This invention relates to a pharmaceutical composition for use in the relief of pain, cramps, bloating and tension experienced during menstruation or premenstruation in a female in need of such relief comprising administering to such female: (i) an analgesically and anti-inflammatory effective amount of (S)-ibuprofen, or a salt thereof, substantially free of (R)-ibuprofen; and (ii) a diuretically effective amount of a diuretic; and (iii) optionally a tension relieving effective amount of pyrilamine maleate.

Description

TITLE OF TEE INVENTION
IBUPROFEN-DIURETIC COMBINATIONS
BACKGROUND OF THE INVENTION
The non-steroidal anti-inflammatory drugs
(NSAID) have been utilized in the treatment of pain/ inflammation and have been disclosed as useful in the treatment, management and mitigation of cold symptoms and the pain associated therewith.
Ibuprofen (2-(4-isobutylphenyl)propionic acid) is a well known and commonly employed NSAID. Recently, it has been found that a faster onset of pain relief and an enhanced analgesic response can be obtained by the utilization of the single enantiomer S(+)-ibuprofen in comparison to racemic ibuprofen, (see for example U.S. Patent 4,877,620). Diuretics, such as the thiazides, are useful in the relief of water retention. In optional combination with a tension reliever such as
pyrilamine maleate, diuretics may offer relief of a variety of symptoms often appearing in the menstrual cycle such as cramps, bloating, tension, and
irritability.
Combinations of ibuprofen with a diuretic such as pamabrom have been disclosed in U.S. Patent 4,888.343. However, despite the fact that the menstrual pain sufferer is in need of quick and enhanced relief, there has been no consideration given to the employment of (S)-ibuprofen, or a salt thereof, in combination with a diuretic and
optionally with a tension reliever for the treatment of menstrual symptoms.
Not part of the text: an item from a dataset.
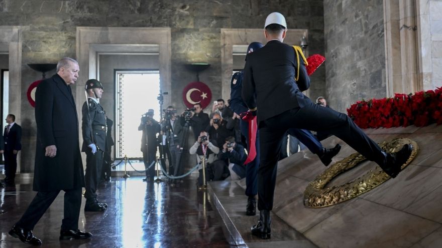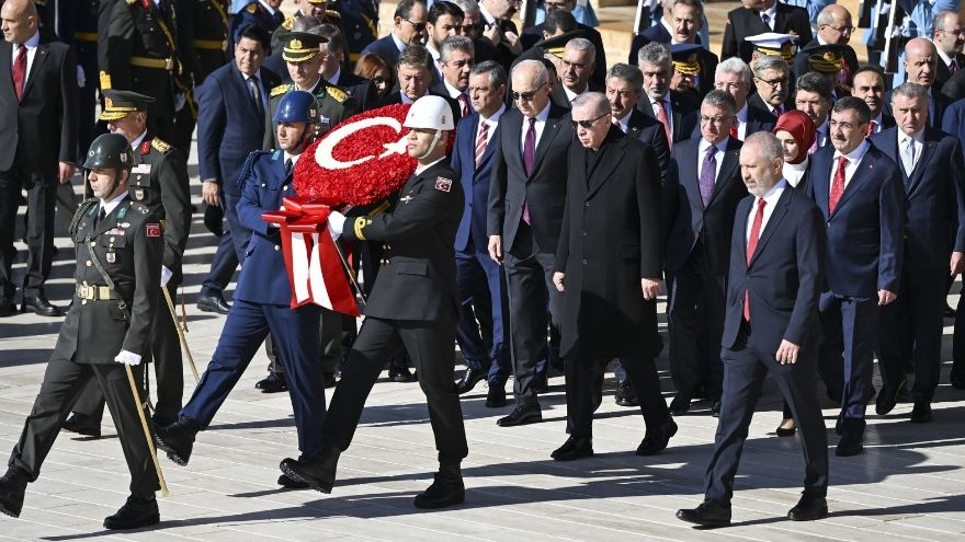 Cumhurbaşkanı Erdoğan'ın, üzerinde ay yıldız bulunan çelengi Atatürk'ün mozolesine bırakmasının ardından saygı duruşunda bulunuldu ve İstiklal Marşı okundu.

DETAILED DESCRIPTION OF THE INVENTION
This invention relates to a pharmaceutical composition for use in the relief of pain, cramps, bloating and tension experienced during menstruation or premenstruation in a female in need of such relief comprising administering to such female:
(i) an analgesically and anti-inflammatory effective amount of (S)-ibuprofen, or a salt thereof, substantially free of (R)-ibuprofen; and
(ii) a diuretically effective amount of a diuretic; and
(iii) optionally a tension relieving effective amount of pyrilamine maleate.
This invention is also directed to a method of relieving pain, cramps, bloating and tension, experienced during menstruation or premenstruation in a female in need of such relief comprising
administering to such female:
(i) an analgesically and anti-inflammatory effective amount of (S)-ibuprofen, or a salt thereof, substantially free of (R)-ibuprofen:
(ii) a diuretically effective amount of a diuretic; and
(iii) optionally a tension relieving effective amount of pyrilamine maleate.
This invention is also directed to a method of eliciting an onset hastened and enhanced response for the relief of pain, cramps, bloating and tension experienced during menstruation or premenstruation in a female in need of such relief, comprising
administering to such female:
(i) an analgesically and anti-inflammatory effective amount of (S)-ibuprofen, or a salt thereof, substantially free of (R)-ibuprofen;
(ii) a diuretically effective amount of a diuretic; and
(iii) optionally a tension relieving effective amount of pyrilamine maleate.
Substantially free of (R)-ibuprofen should be taken to mean that the ration of (S)-ibuprofen to (R)-ibuprofen is at least 90:10.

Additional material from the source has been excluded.